LONDON — The first coin featuring King Charles III was unveiled Friday and is set to be in public usage before the end of the year.
The 50 pence coin shows a likeness of the British king created by British sculptor Martin Jennings, who said it was his smallest-ever work.
King Charles is facing left on the coin, in keeping with a tradition that sees each successive monarch switch profile.
He is not wearing a crown, which previous kings also did not, though Queen Elizabeth II did in the five coins produced during her reign.
The same image will be used on coins from the 1 pence to £2 from the start of next year.
The text on the new coin says "CHARLES III • D • G • REX • F • D • 5 POUNDS • 2022," a shortening of the Latin "King Charles III, by the Grace of God, Defender of the Faith," the BBC reported.
The existing 29 billion coins featuring the queen in circulation in the U.K., as well as in Commonwealth countries including Australia, New Zealand and Canada, will remain legal tender and be phased out naturally and over time with use.
It was once common for the public to carry coins featuring more than one monarch.

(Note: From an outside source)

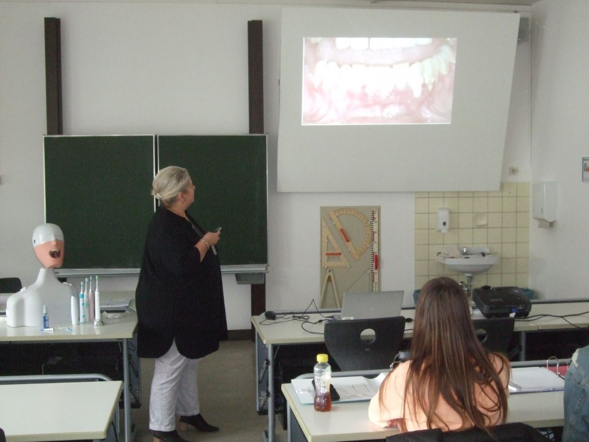 Am 25. und 27. September wohnten die Schülerinnen der GZH 12 A und B einem Vortrag von Frau Wittmann-Wender zum Thema Mundhygiene bei.
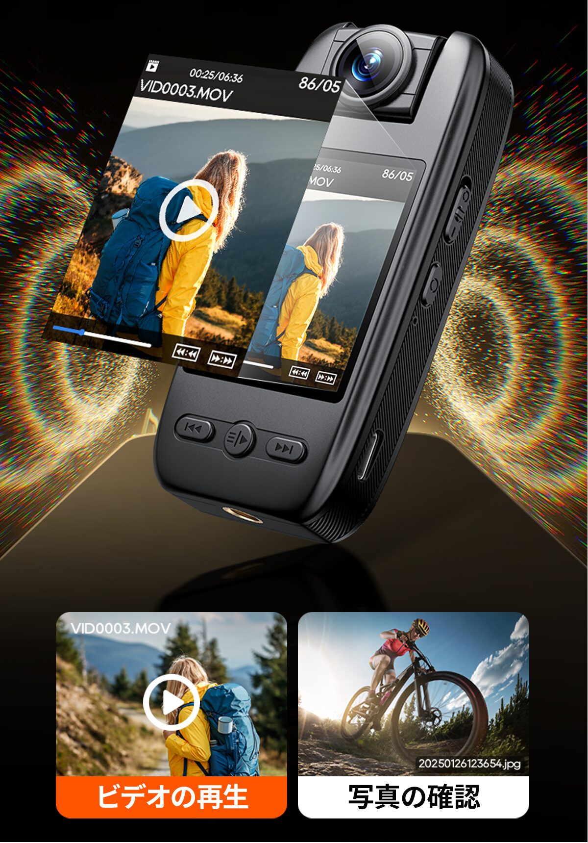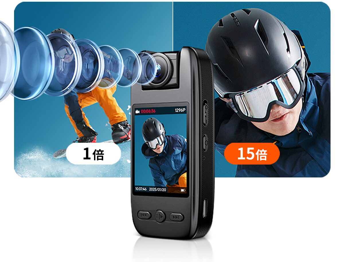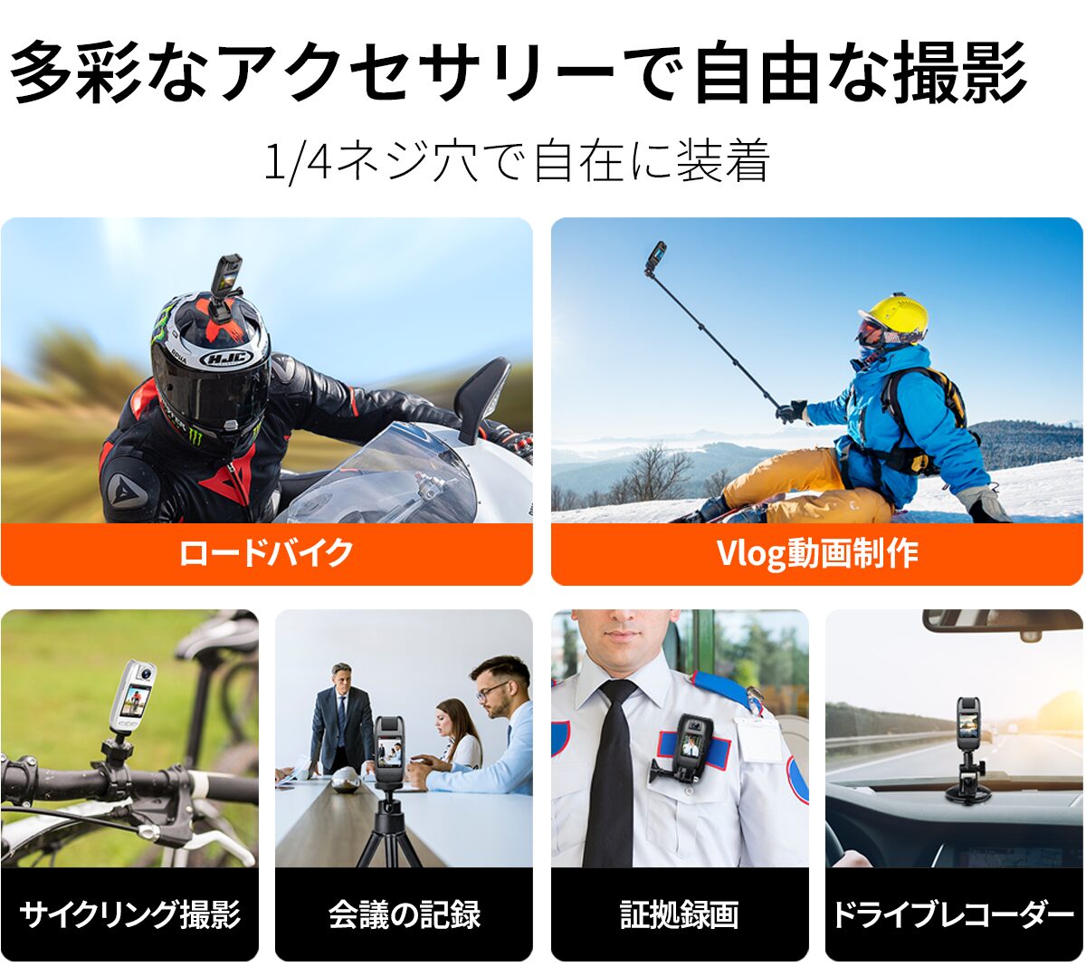 従来の固定型カメラでは難しかった、複雑なアングルや動きのあるシーンでも、ストレスなく撮影が可能です。例えば、胸元やヘルメットに装着すれば、自分の目線映像や周囲の景色を正確に記録できます。また、家族や友人と一緒の場面では、レンズを反転させてセルフィーモードに切り替えるだけで、楽しい瞬間を簡単に自撮り撮影できます。

The Royal Mint, which has made coins featuring the monarch for over 1,100 years and is Britain's oldest company, said it would be available to collectors next week and in general use before the end of the year.
"Although technology has progressed, we continue to honour British craftsmanship passed down through the centuries," said Anne Jessopp, chief executive at the Royal Mint.
"Our team of skilled modellers, tool-makers and engravers will ensure that the King's effigy will be faithfully replicated on to millions of coins."
The Royal Mint will also release a commemorative £5 Crown — a coin intended as a souvenir or collector item that is not generally accepted for use — featuring images of Queen Elizabeth II near the start and end of her 70-year reign.
King Charles ascended to the throne on Sept. 8. following the death of Queen Elizabeth II, his mother.
This week the palace said the cause of death recorded on her death certificate was "old age." She was 96.